Дафна глянцевой спиной к камере, уже в кожаных манжетах, трудно дышит, будто бежит, пристегнута горными карабинами к двум стульям, распята между ними и явно счастлива. Она знает, что Хлой её видит. Её хозяйка со страшным арапником в длинном голоплечем виниловом платье воспитывает, высекая из вздрагивающих ягодиц ученицы невидимые страстные искры. Пока довольно ласково. Никаких следов нам, конечно, отсюда не видно, но мы верим, что они там, на этих застенчивых юных и радостных ягодицах. Местный псевдоним рыжей хозяйки: Страпон Страпоныч. Главное увлечение – злые однохвостки с плетеными жесткими рукоятками. Обычно она бьет двумя сразу, не давая своей девке опомниться. Но однохвостки пока на стене. Я хорошо представляю себе дальнейшее: после порки двумя хвостами Страпон Страпоныч возьмет их в правую руку, перевернет ребристыми ручками к Дафне и разволнует ей оба отверстия, левой рукой сжимая горло пристегнутой так, чтобы та хрипела. Отсутствие звука придает экранному зрелищу ритуальный и успокаивающий меня, медитативный, завораживающий характер. Отстегнутая от стульев Дафна, все еще на коленах, оближет обе мокрые рукоятки и снимет со Страпоныча винил, чтобы обнажить обычную её форму – паутинистые чулки с кожаным поясом и на поясе негроидный фаллос, грозно висящий вниз антикварным маузером. «Таким только кобыл ебать», – отозвался как-то Шуруповерт, отведавший эту штуку. Его, впрочем, хватило не надолго и, малость постонав, он восстал, придавил рыжую к полу стулом, пристегнул к кровати её левую руку и левую ногу и заставил Страпоныча хлюпать и реветь от радости, долбя её этим черным театральным монстром, пока реальный член скина мельтешил в его татуированном кулаке. Шурповерт клянется, она только об этом и мечтает: о восстании своего раба. Но попадаются недогадливые. Ничего этого я не видел, конечно. С его слов. И можно ли верить, не зря ли подначивает бритый, не знаю. Преувеличивает, это наверняка.

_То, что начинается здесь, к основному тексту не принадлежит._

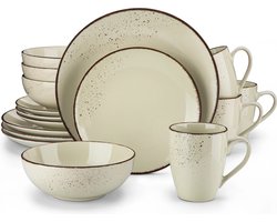 MensStore 16-Delige Serviesset - 4 Persoons - Beige Glazuurlaag - Inclusief Dinerborden, Dessertborden, Kommen en Mokken - Beige

Сегодня утром Хлой вошел ко мне в кабинет, щелкнул диктофон, он представился, пояснил цель интервью, но по его вызывающе вежливым глазам и безумно синей рубашке сделалось ясно: будет проситься, пришел не ко мне, а к моему богу. Две его полосы в журнале могут быть покрыты беседой с кем угодно: с парламентским дворником или с лидером самой эксцентричной фракции.

На экране Владис и Аншеф играют в Платона, проданного в рабство на Эгину. Философ уже в собачьем ошейнике, хоть вовсе и не киник. Благородный ученик со стеком в сапоге выкупает себе учителя. Мудрец не остается в долгу. За другим стеклом Карий глаз подражает героям родео, оседлав свою натянутую куфию, а скинхед лежит пока на полу и смотрит снизу, терзая отросток.

– Сплошной «эсэм», – говорит Хлой, чтобы что-то сказать. Его лицо залито стеклянным шевелящимся светом — водоросли на дне. Взгляд ныряет то в один, то в другой экран.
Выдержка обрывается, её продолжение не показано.